Power Today|November 2016
Copious monsoon has turned out to be a boon for hydro and wind power segments, while it was a bane for coalbased power and solar plants.
After enduring two consecutive years of drought, the monsoon in India has been recorded as ‘normal’ in 2016, at just 3 per cent below the long term average. The monsoon, which spans from June to September, is said to be normal when rainfall is between 96-104 per cent of the long term (50 year) average of about 88 centimetres. Comparatively, in 2015, the southwest monsoon ended with a rain shortfall of 14 per cent, the worst since 2009. This sends good news to those associated with the country’s agriculture sectors that have been too long in the gloom.
While 2015 was an El Nino year that resulted in weak monsoons and droughts in several regions of the country, 2016 could be termed the opposite - a La Nina year – that will bring bumper harvests due to better rainfall.

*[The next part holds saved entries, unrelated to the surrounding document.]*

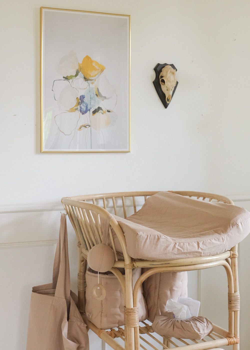 Cover for changing pad, with elastic edge at the bottom, so it is easy to take on and off. Measures H:9cm x W:50cm x L:64cm
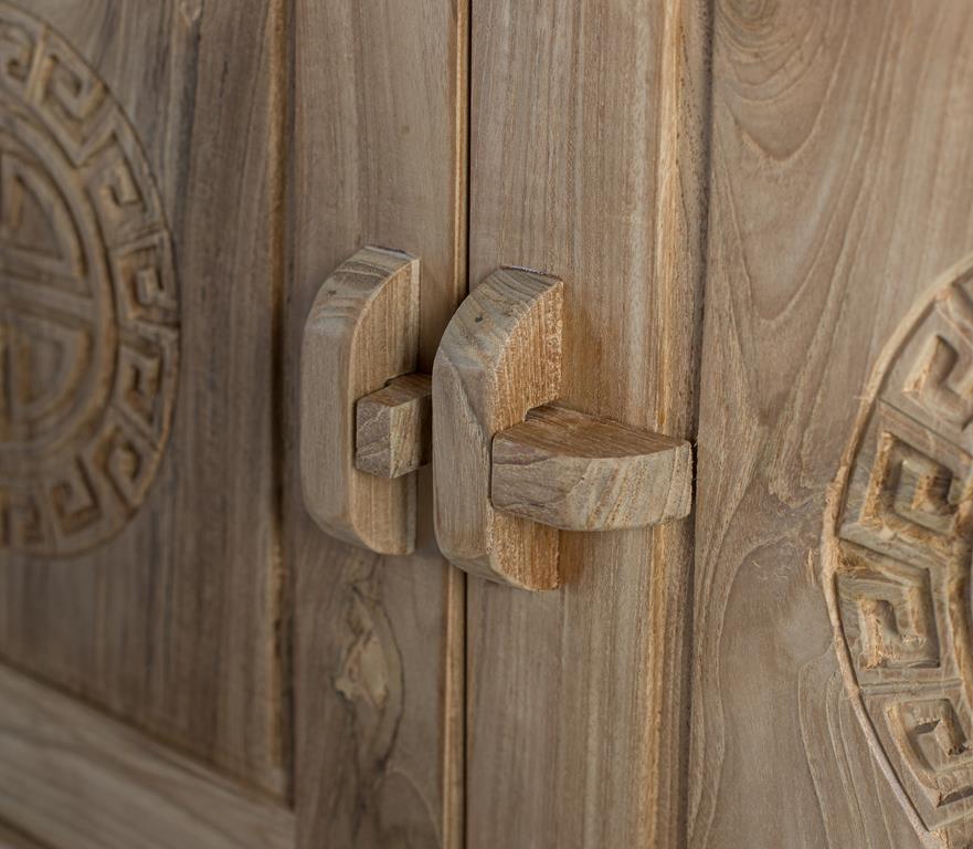 CIERRES Y BISAGRAS ARTESANALES: Los cierres tradicionales de madera y los detalles en los laterales refuerzan la autenticidad y el exquisito trabajo artesanal.
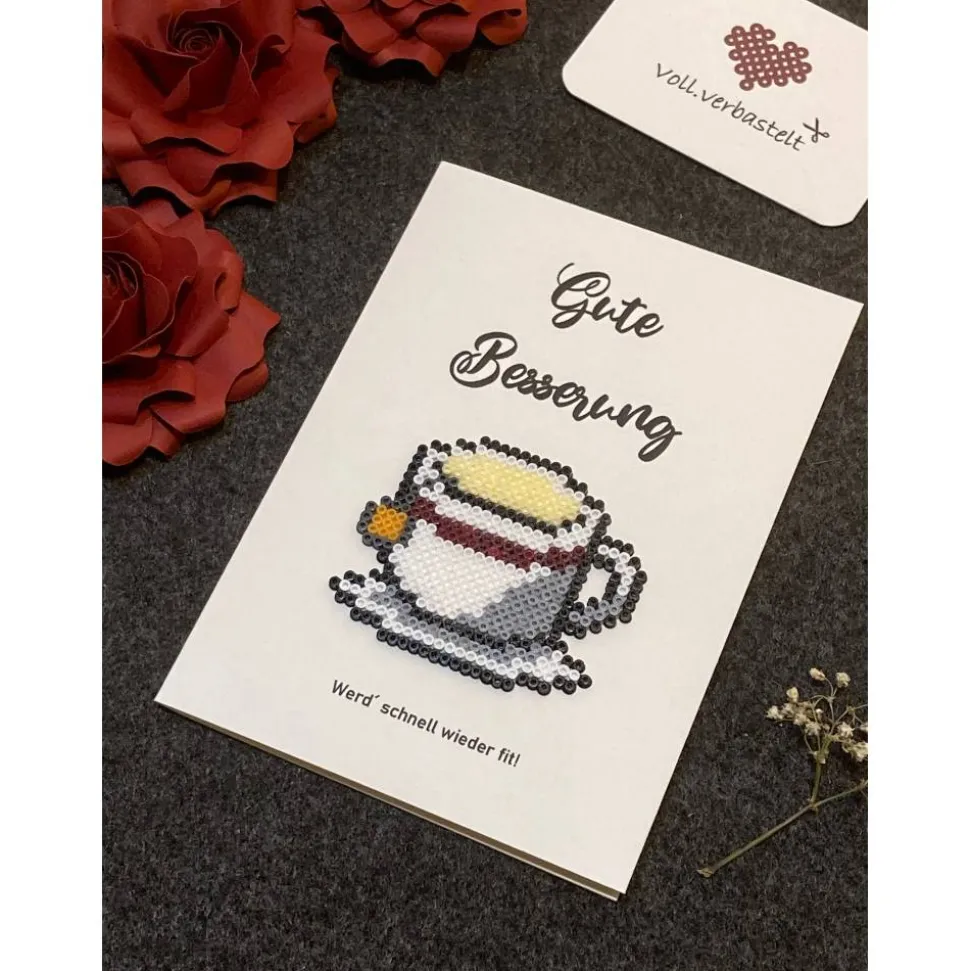Das Motiv wird aus Mini-Bügelperlen gesetzt und gebügelt. Ein Umschlag aus Kraftpapier ist inklusive.

For the first time in 3 years, rains were well-distributed in the just concluded season. The temporal and spatial distribution of rainfall is crucial in determining its impact on food production. Only 33 per cent of the districts saw deficient rains, compared with 49 per cent in 2015 and 46 per cent in 2014. Importantly, most of the deficient districts are either well-irrigated or not important agriculturally.
After a slow start in June, rains caught up and boosted reservoir levels from the lows seen at the beginning of this fiscal, and provided the much need confidence to farmers. Not surprisingly, area coverage under kharif crops has risen to 1,060 lakh hectare compared with 1,052 lakh hectare last year.
The success of the monsoon will play a vital role in shaping India’s economy. The gross domestic product (GDP) growth, food prices, consumer spending and interest rates are all areas that can be influenced by the rains.
As good monsoon rains reduce the need to use the fuel in irrigation pumps, the demand in the country for diesel and diesel pump sets and engines is said to have nose-dived.
On the other hand, hydel reservoirs, brimming with water, are able to operate at full capacities at many places. But this has led to many coal-based thermal stations going out of operation due to lack of demand for power. However, in a few months, once the harvest is over, rural demand for power is expected to go up steeply, with rural incomes looking up.
That way, the monsoon that had been good temporally and spatially during the current year, has impacted various segments of the power sector, either positively or negatively. A good monsoon also alters the Power Sector scenario by altering the stereotype patterns. Let us look into these changing dynamics.
“With the advent of monsoon and ample rainfall, the reservoir storage situation has improved this season. Data till September 22 indicates reservoir storage was 17 per cent higher year-on-year,” said Dharmakirti Joshi, Chief Economist, CRISIL Ltd in a report.
Thus, an adequate monsoon this year has resulted in higher levels of hydro-power generation. The share of hydro-power in the country’s total power generation increased to 15 per cent in July from 10 per cent in May, according to the generation data. According to estimates, on an average, 20,000 MW of power was being injected from hydel sources during the monsoon by July-end, out of the total hydro capacity of 43,112 MW of installed capacity at end-September 2016.
India’s hydro power generation capacity is mostly concentrated in the Himalayan regions, and these generating stations are fed from the glaciers. “Due to this reason, the hydro power sector did not see a significant uptick at a country level as would be expected by many. At a state-level, however, many hydro-power rich states like Karnataka, Andhra Pradesh, Kerala etc., have benefitted,” said Aditya Ravidran, Associate Consultant, Feedback Business Consulting Services Pvt Ltd.